▸ Records for the task
────

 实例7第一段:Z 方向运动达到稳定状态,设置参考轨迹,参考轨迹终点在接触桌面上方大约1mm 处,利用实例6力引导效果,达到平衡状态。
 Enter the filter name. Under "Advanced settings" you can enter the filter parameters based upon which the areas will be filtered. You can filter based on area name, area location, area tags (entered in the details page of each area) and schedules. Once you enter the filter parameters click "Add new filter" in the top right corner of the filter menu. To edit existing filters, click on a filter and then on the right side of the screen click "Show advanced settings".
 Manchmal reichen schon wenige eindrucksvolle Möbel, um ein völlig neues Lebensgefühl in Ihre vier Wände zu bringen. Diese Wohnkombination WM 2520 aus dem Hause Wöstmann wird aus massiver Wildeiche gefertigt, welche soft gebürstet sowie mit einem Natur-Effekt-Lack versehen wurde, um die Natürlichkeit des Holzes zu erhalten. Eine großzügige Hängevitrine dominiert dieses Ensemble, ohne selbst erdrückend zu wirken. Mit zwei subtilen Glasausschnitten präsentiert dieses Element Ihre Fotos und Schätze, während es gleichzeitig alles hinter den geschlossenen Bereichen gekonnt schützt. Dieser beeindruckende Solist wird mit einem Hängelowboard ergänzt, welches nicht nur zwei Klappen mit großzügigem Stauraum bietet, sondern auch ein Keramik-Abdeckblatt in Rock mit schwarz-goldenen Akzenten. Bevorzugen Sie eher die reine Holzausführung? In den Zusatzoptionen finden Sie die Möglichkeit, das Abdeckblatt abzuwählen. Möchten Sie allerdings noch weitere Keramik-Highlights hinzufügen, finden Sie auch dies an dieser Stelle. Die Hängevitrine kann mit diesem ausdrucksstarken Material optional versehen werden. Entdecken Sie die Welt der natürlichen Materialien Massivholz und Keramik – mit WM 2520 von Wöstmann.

────

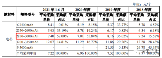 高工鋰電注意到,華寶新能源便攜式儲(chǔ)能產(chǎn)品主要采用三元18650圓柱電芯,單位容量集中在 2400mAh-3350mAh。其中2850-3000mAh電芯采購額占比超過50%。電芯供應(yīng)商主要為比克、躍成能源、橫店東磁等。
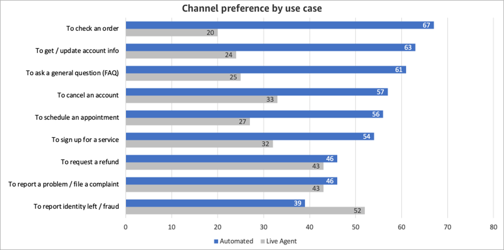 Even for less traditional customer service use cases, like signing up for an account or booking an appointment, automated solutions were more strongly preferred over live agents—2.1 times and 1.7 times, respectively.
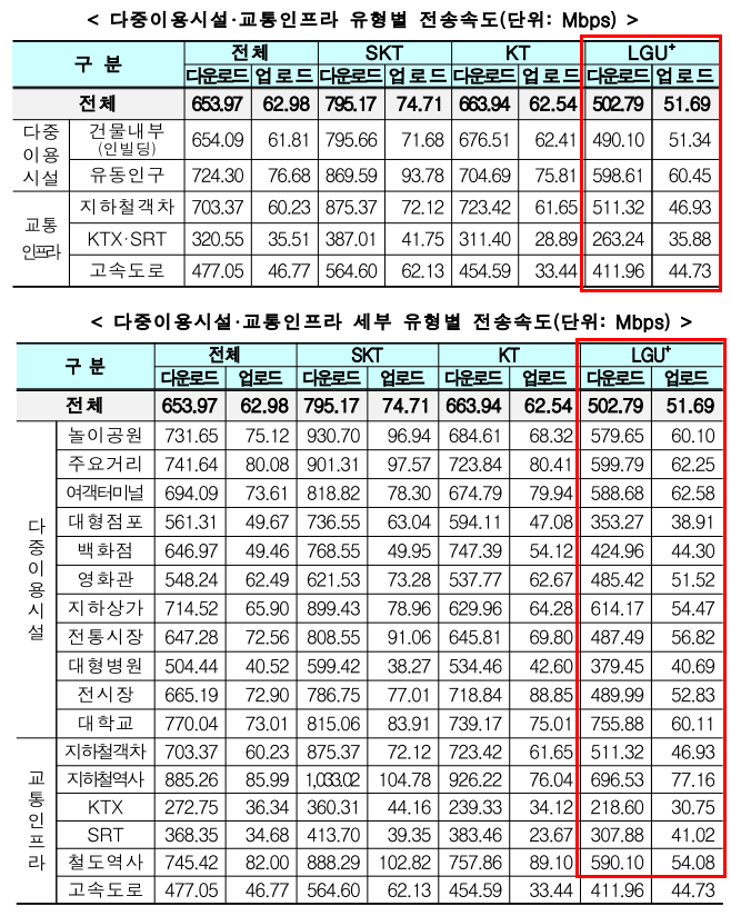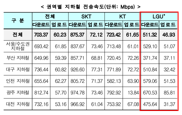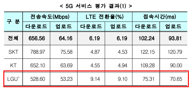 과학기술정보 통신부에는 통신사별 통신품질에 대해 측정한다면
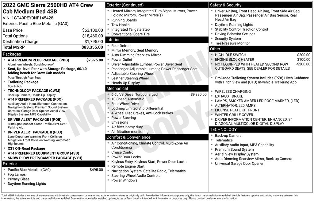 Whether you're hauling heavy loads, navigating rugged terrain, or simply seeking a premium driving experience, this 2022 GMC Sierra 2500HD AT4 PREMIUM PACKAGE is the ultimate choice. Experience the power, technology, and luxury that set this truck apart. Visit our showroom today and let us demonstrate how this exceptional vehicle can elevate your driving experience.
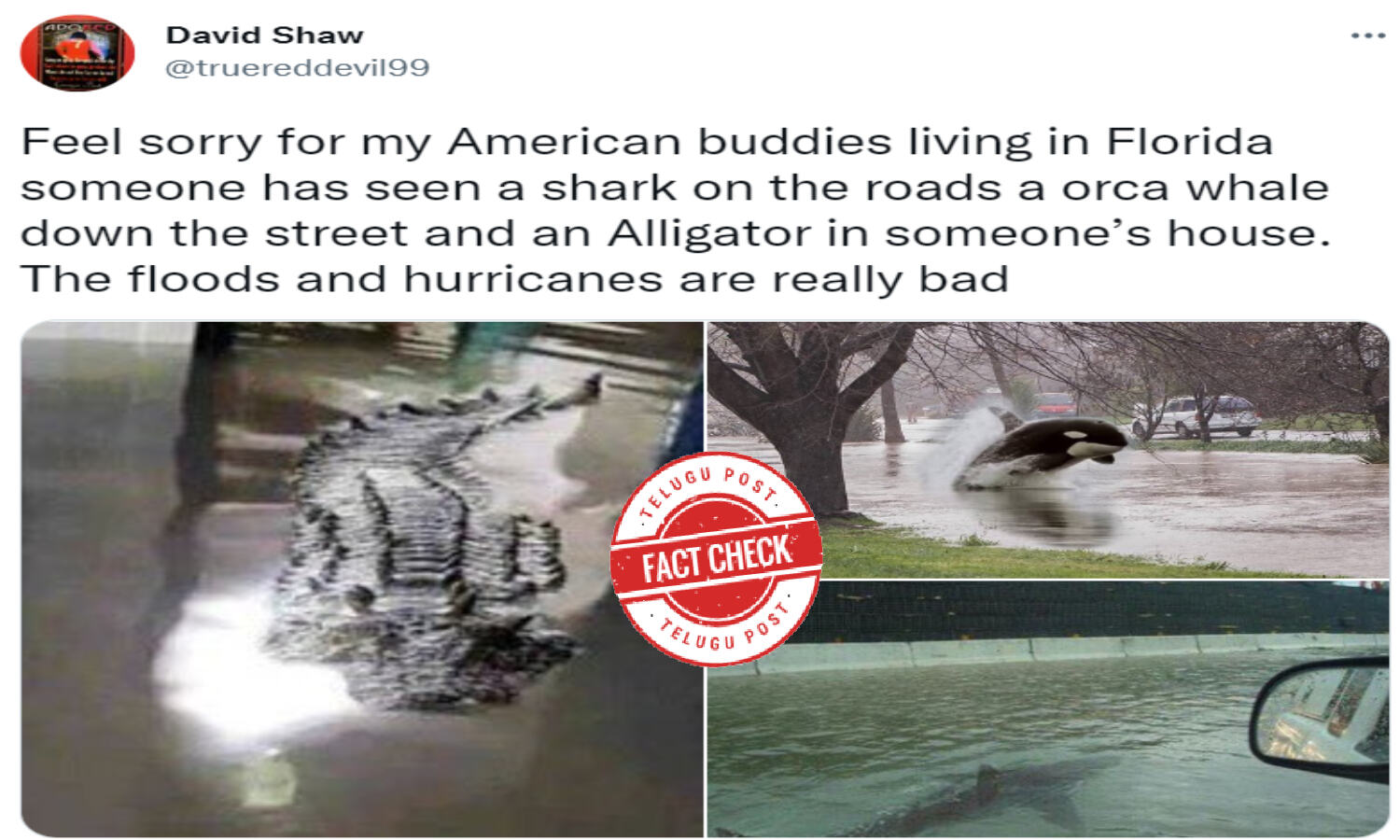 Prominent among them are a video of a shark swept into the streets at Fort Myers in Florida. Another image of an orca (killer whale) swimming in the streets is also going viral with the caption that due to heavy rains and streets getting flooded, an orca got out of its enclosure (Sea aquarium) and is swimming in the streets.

────

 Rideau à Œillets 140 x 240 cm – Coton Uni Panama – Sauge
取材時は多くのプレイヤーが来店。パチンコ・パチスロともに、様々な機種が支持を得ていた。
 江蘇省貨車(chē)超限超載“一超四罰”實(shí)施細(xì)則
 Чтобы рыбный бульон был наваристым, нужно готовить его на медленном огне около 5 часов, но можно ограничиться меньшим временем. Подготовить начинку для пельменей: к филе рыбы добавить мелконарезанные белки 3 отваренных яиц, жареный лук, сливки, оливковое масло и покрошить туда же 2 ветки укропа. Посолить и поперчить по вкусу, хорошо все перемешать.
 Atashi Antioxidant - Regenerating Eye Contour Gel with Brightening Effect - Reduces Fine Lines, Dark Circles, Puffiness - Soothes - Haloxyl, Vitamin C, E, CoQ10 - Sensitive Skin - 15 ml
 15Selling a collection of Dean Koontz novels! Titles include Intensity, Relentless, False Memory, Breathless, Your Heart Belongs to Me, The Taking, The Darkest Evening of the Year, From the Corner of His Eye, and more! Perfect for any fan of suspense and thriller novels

────

▸ Aim of the task
Set the pictures aside and transcribe exactly the stretch of lines above, beginning with the one holding "과학기술정보 통신부에는 통신사별 통신품질에 대해 측정한다면" and ending with the one holding "Prominent among them".

▸ Output of the exercise
 과학기술정보 통신부에는 통신사별 통신품질에 대해 측정한다면
 Whether you're hauling heavy loads, navigating rugged terrain, or simply seeking a premium driving experience, this 2022 GMC Sierra 2500HD AT4 PREMIUM PACKAGE is the ultimate choice. Experience the power, technology, and luxury that set this truck apart. Visit our showroom today and let us demonstrate how this exceptional vehicle can elevate your driving experience.
 Prominent among them are a video of a shark swept into the streets at Fort Myers in Florida. Another image of an orca (killer whale) swimming in the streets is also going viral with the caption that due to heavy rains and streets getting flooded, an orca got out of its enclosure (Sea aquarium) and is swimming in the streets.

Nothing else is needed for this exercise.